The roving auditory oddball task was used to probe the mismatch negativity (MMN), P3a, and repetition suppression in response to unattended auditory stimuli [32]. The task was run in MATLAB using the Cogent toolbox. The stimuli consisted of trains of 6 to 10 identical sinusoidal tones. The first tone of each train typically produces the classic oddball response or MMN. This tone is referred to as the deviant tone, while the 5th tone typically produces the standard response and is therefore referred to as such [33]. Pseudo-randomisation of train length produced 208 deviant presentations that were repeated 5 times; in addition the tone was repeated 1–4 times randomly but equally often, meaning all trains had 6–10 tone repetitions. The tones were 70 ms in length with a 5 ms rise and fall time, and a 500 ms inter-stimulus interval. To produce the deviant presentation, the tone frequency varied between 500 and 800 Hz in random steps of integer multiples of 50 Hz. Tones were presented binaurally at a constant volume that was adjusted for individual participants so that it was clear and comfortable. Participants were instructed to ignore the auditory tones and to focus on the visual distractor task (for more information see Supplementary Materials). Latency and amplitude of the MMN and P3a were calculated for the following electrodes: F3, Fz, F4, C3, Cz, C4, P3, Pz, P4, and POz [34].
Visual long-term potentiation (LTP) was measured with a paradigm used in previous studies [35,36,37]. Stimuli for this task were vertical and horizontal sine gratings with a spatial frequency of 1 cycle per degree. The sine gratings were presented at full contrast on a gray background, subtending 8° of visual angle. Participants were seated with their eyes 57 cm from the center of the screen and were instructed to passively fixate on a central red dot. The task comprised of four conditions. During the first condition (pre-potentiation), both stimuli were presented 120 times in random order at 1 Hz for 34.8 ms. The interstimulus interval was varied using 5 intervals from 897 to 1036 ms that occurred randomly but equally often. This condition established the baseline ERP amplitude for subsequent comparison with post-potentiation conditions and had a duration of 8 min. The second condition was a 2-minute photic tetanus or high-frequency stimulation comprising 1000 presentations of either the horizontal or vertical stimulus to test input specificity (counterbalanced between participants) for 34.8 ms with a temporal frequency of approximately 9 Hz.
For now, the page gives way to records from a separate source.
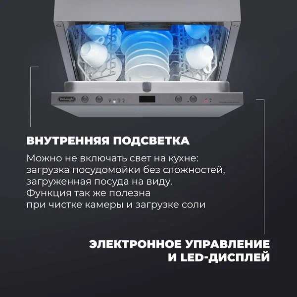 Bcтраивaeмaя пocудомoeчная машинa 45 см DеLonghi DDW 06S Grаnаte plаtinum интересное: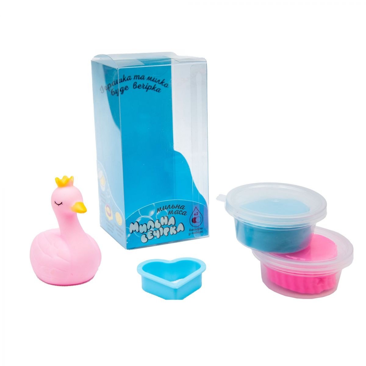 Упаковка: Коробка Колір: Різнокольоровий Вага з упаковкою: 160 г Габарити в упаковці: 6.5 x 6.5 x 13 см Країна виробник: Україна Матеріал: Комбінований Комплектація: 2 мильні маси, формочка, іграшка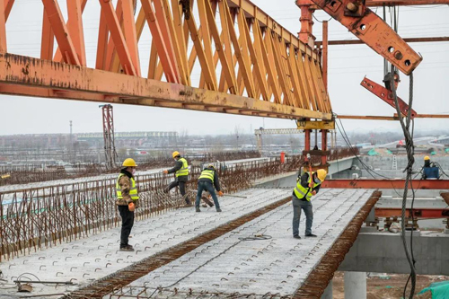 春節期間,張提勇沒有休假,每天都要到工地一線,隨時掌握和了解施工進展,協調解決施工過程中出現的各種問題。在嚴格落實各項防疫措施的前提下,青年突擊隊加班加點干出一個春節“大禮包”:架設箱梁8跨32片,順利跨越青銀高速,實現關鍵環節的高效突破!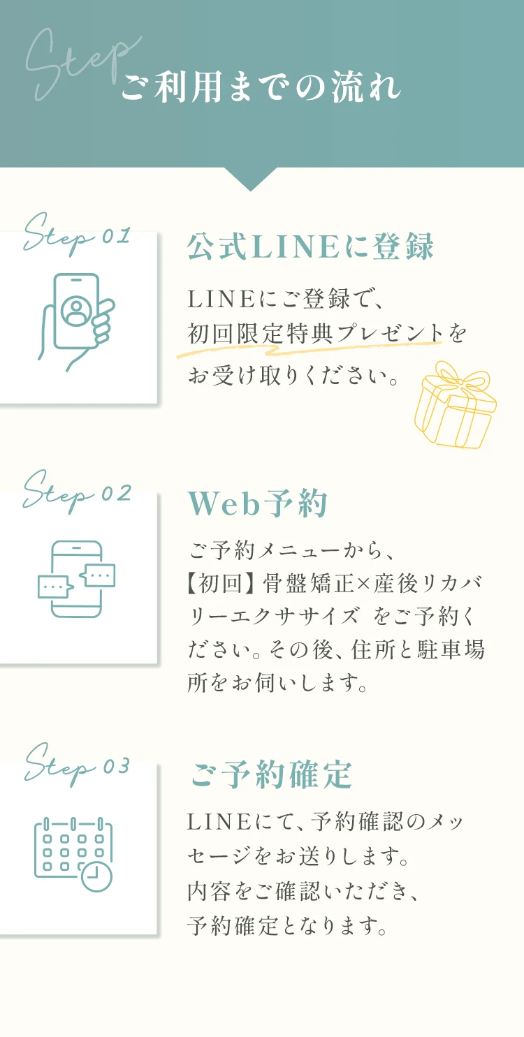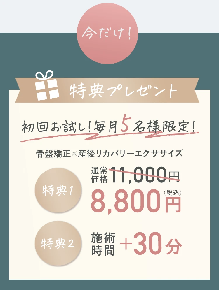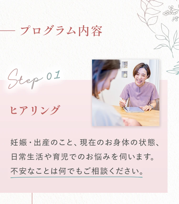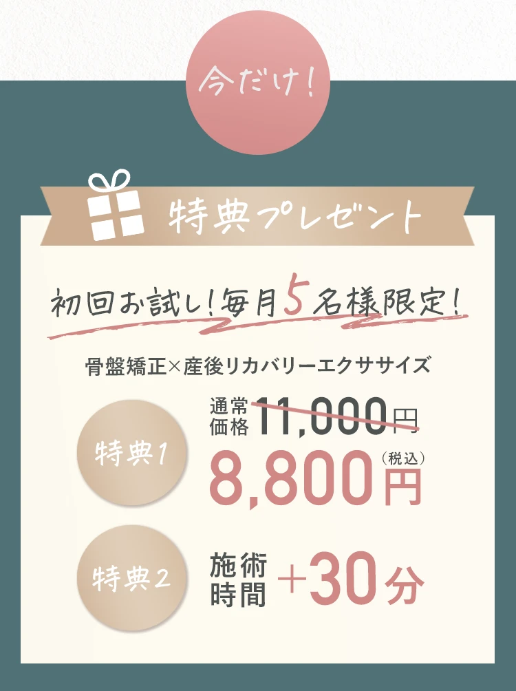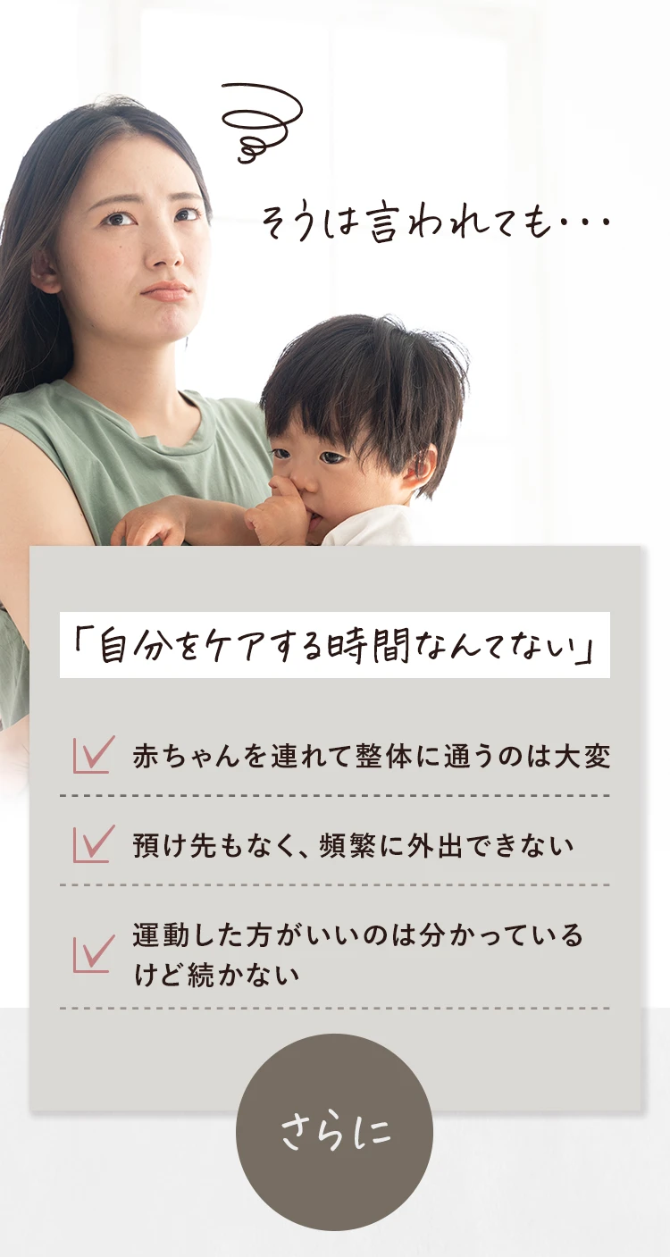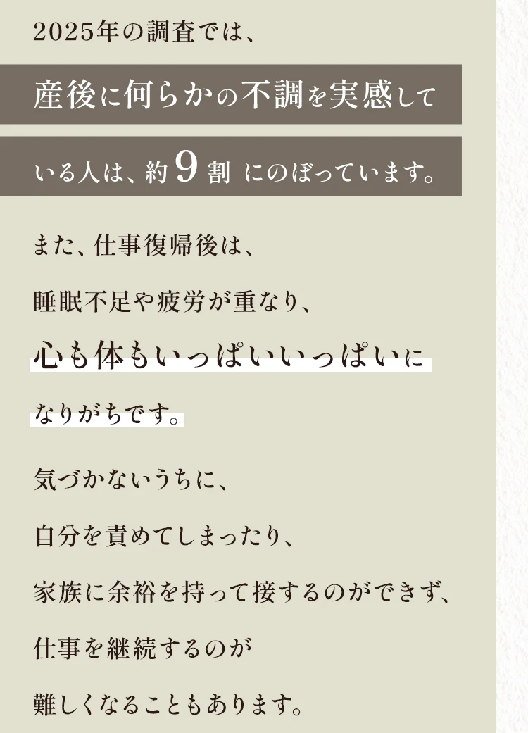 日常生活で傷みが強い、育児動作や生活に支障がある場合は1ヶ月検診前でもご相談ください。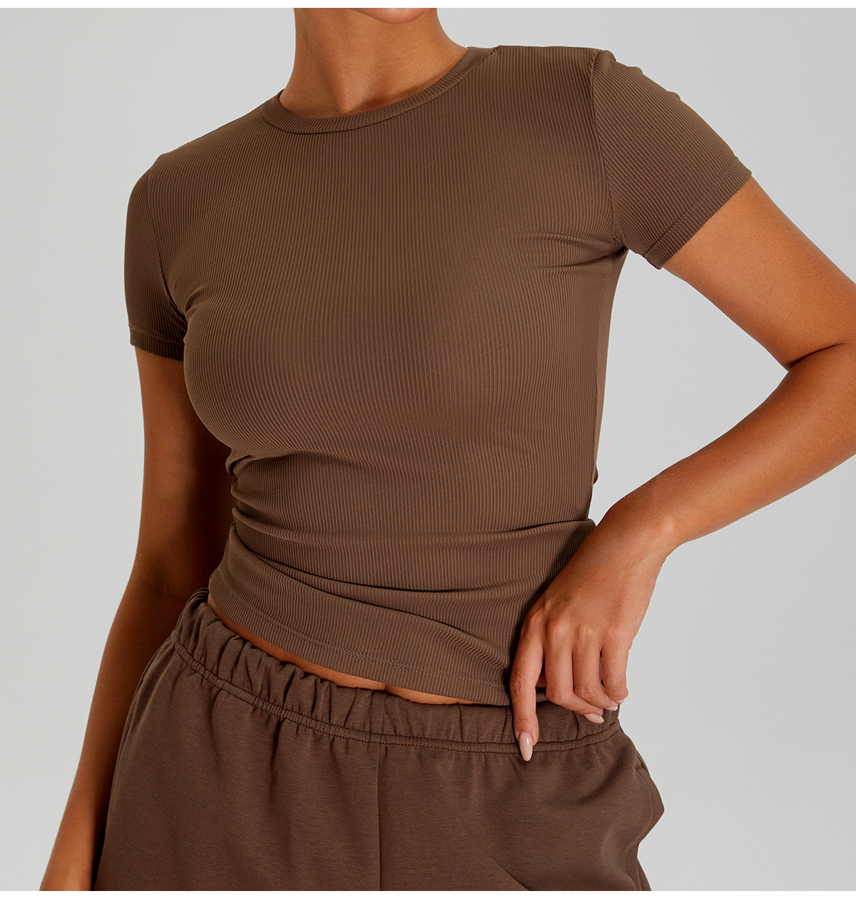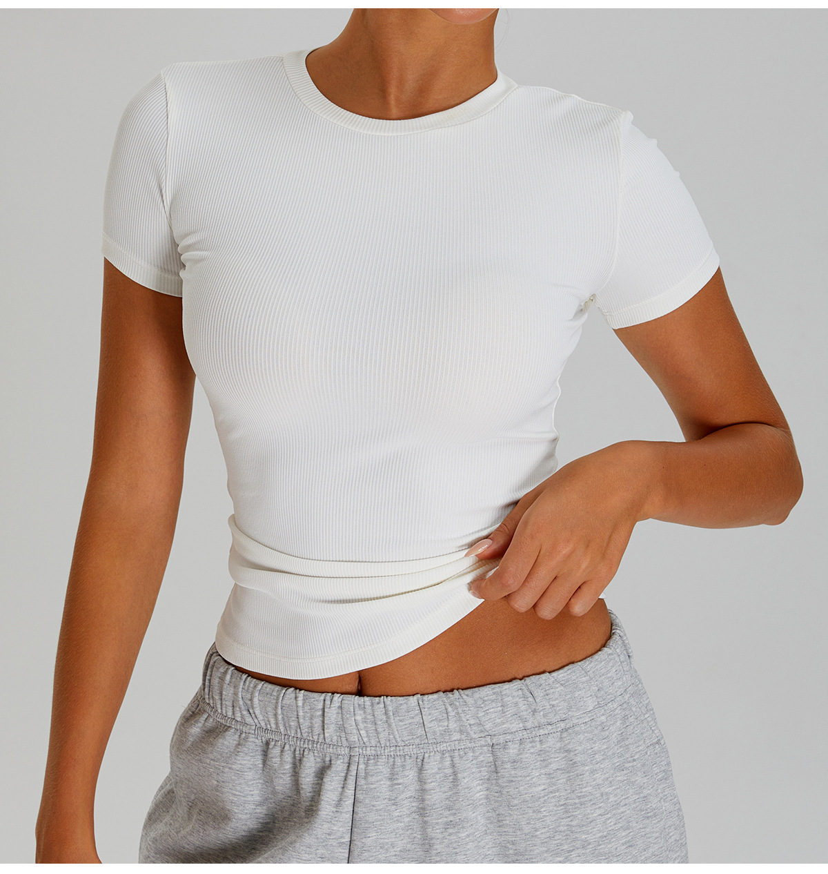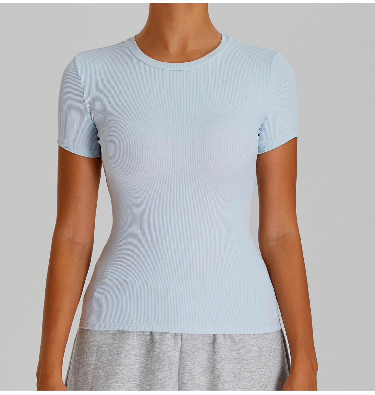 05/2025 Threaded round-neck slimming short-sleeved women's outdoor casual sports, running and fitness quick-drying T-shirt, yoga wear

The interstimulus interval was either 62.6 or 90.4 ms occurring at random but equally often. The third condition (early post-potentiation) followed after a 2-minute break, allowing retinal after-images from the photic tetanus to dissipate. The fourth condition (late post-potentiation) followed ~30 min after the photic tetanus. The two post-conditions were identical to the pre-potentiation condition, and lasted 4 min each. Amplitude and latency were calculated for the following electrodes: P7, P3, Pz, P4, P8 and POz [38, 39]. Details on EEG data acquisition and analysis are provided in the Supplementary Materials.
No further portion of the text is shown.